━━━ SOURCE DATA

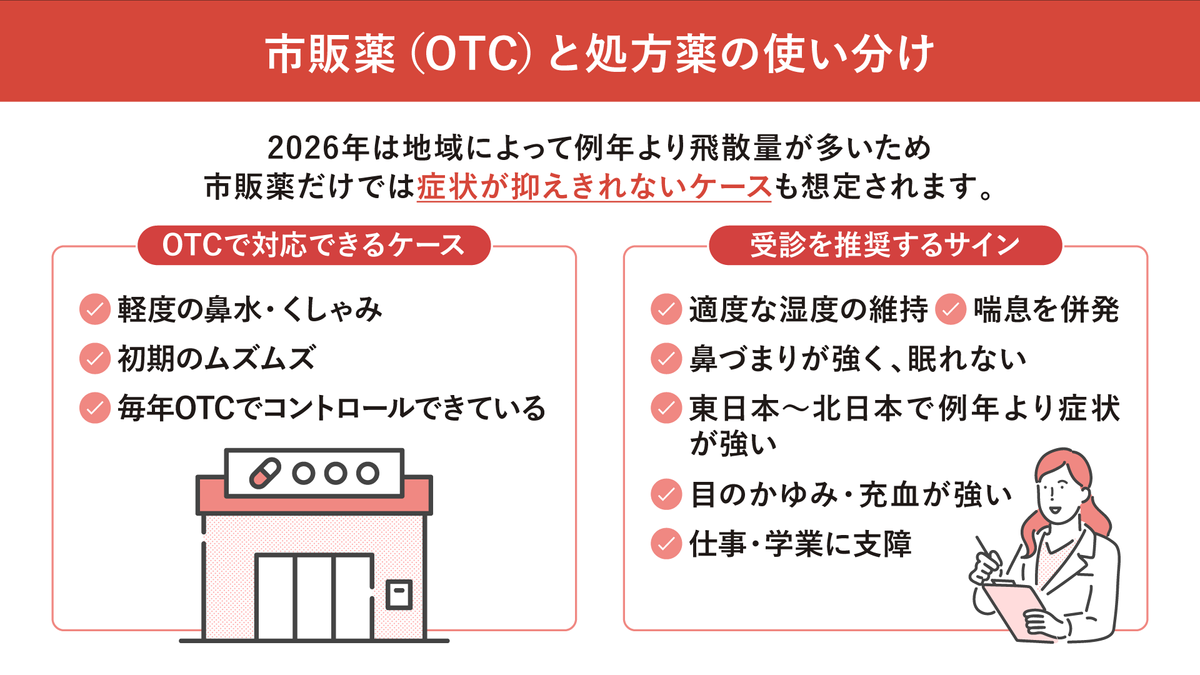 とくに飛散量が多い年は、初期対応の差がその後の生活の快適さを大きく左右する。鼻水やくしゃみだけでなく、鼻づまりによる睡眠不足、集中力の低下などが重なると、仕事や家事がままならなくなるケースもある。重症化を防ぐ意味でも、「まだ大丈夫」と思っている段階で動くことが重要だ。
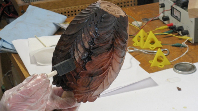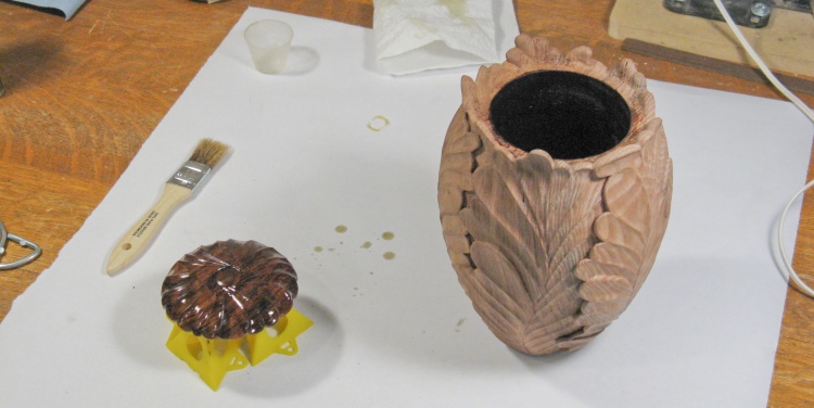 Then it was time to start putting the finish on. I began by varnishing the cover and just the inside of the urn, which both received three coats.
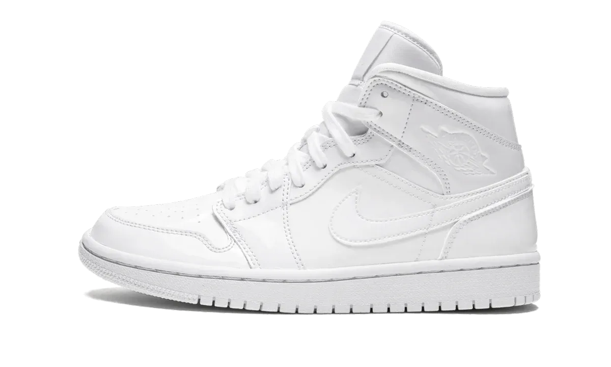 The women's Air Jordan 1 Mid "Triple White Patent Leather" is a crisp and clean edition of the mid-top Air Jordan 1 for women. The Jordan 1 Mid receives a glossy all-white patent leather upper with all other details from the tongue to the rubber sole unit in nothing but white. The embossed "wings" logo and the Jumpman branding on the tongue are tonal to ensure a true "triple white" aesthetic. The women's Air Jordan 1 Mid "Triple White Patent Leather" released in 2018.

━━━━━━

» **WHAT YOU SHOULD DO**
What is needed is every line from the one with "Then it was" to the final line of the listing above, set down exactly and with the pictures left out.

» **WRITTEN ANSWER**
 Then it was time to start putting the finish on. I began by varnishing the cover and just the inside of the urn, which both received three coats.
 The women's Air Jordan 1 Mid "Triple White Patent Leather" is a crisp and clean edition of the mid-top Air Jordan 1 for women. The Jordan 1 Mid receives a glossy all-white patent leather upper with all other details from the tongue to the rubber sole unit in nothing but white. The embossed "wings" logo and the Jumpman branding on the tongue are tonal to ensure a true "triple white" aesthetic. The women's Air Jordan 1 Mid "Triple White Patent Leather" released in 2018.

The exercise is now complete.